BEGIN INPUT

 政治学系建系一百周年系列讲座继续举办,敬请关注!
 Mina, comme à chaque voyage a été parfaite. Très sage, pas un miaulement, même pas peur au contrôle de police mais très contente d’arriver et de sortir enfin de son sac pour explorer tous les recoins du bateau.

END INPUT
BEGIN INPUT

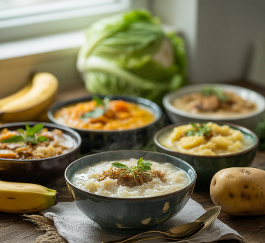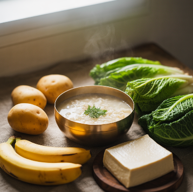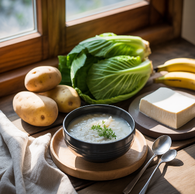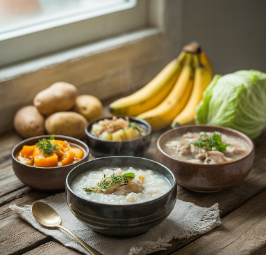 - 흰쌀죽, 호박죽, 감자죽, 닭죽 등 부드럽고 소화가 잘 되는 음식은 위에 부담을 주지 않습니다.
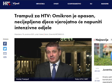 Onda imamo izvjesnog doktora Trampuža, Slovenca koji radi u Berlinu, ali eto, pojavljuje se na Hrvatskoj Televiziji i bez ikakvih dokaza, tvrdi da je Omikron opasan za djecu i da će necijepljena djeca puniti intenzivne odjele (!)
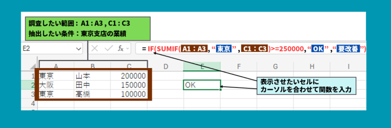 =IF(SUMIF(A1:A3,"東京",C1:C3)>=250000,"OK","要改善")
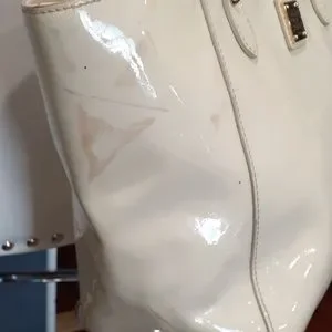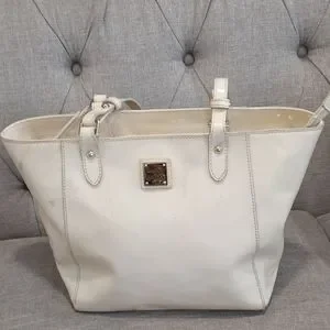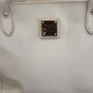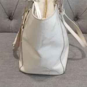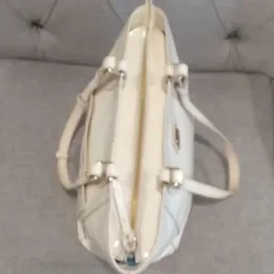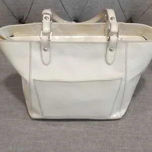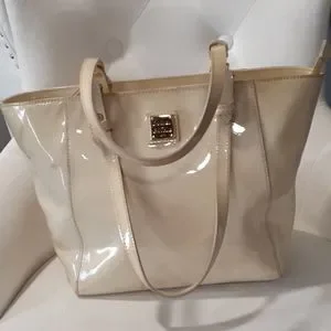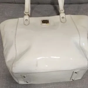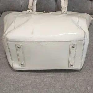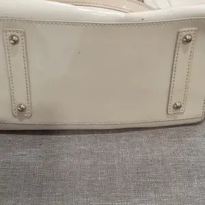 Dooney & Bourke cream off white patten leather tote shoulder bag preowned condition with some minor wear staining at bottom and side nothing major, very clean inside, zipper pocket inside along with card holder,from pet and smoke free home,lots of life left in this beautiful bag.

END INPUT
BEGIN INPUT

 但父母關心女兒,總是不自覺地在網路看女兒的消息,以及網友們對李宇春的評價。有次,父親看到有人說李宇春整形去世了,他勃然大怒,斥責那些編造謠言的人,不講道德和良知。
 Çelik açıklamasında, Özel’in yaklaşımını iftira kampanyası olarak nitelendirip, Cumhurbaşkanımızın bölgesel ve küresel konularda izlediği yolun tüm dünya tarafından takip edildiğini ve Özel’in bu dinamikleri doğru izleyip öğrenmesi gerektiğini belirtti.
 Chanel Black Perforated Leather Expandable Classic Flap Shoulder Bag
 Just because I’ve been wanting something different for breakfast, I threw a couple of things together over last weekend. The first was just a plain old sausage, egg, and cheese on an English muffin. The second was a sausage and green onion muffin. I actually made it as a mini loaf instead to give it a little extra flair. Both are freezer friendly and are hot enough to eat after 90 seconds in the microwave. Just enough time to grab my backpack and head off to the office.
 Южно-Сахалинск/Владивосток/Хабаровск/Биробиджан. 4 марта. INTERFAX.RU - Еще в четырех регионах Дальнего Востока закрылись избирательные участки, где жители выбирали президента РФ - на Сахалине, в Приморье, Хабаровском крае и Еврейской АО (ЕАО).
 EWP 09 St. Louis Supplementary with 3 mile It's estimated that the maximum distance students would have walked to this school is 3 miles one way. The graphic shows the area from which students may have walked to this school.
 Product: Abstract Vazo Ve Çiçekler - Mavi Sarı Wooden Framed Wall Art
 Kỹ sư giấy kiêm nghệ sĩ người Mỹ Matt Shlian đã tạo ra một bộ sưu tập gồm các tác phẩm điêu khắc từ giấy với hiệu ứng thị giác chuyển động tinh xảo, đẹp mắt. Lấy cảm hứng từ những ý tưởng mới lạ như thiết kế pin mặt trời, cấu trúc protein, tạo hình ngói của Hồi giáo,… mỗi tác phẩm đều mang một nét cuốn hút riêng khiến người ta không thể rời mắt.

END INPUT

▸ TASK BRIEF: Using the data above, reproduce exactly the lines between those holding "政治学系建系一百周年系列讲座继续举办,敬请关注!" and "Mina, comme à", inclusive, and no others.

▸ TASK ANSWER:
 政治学系建系一百周年系列讲座继续举办,敬请关注!
 Mina, comme à chaque voyage a été parfaite. Très sage, pas un miaulement, même pas peur au contrôle de police mais très contente d’arriver et de sortir enfin de son sac pour explorer tous les recoins du bateau.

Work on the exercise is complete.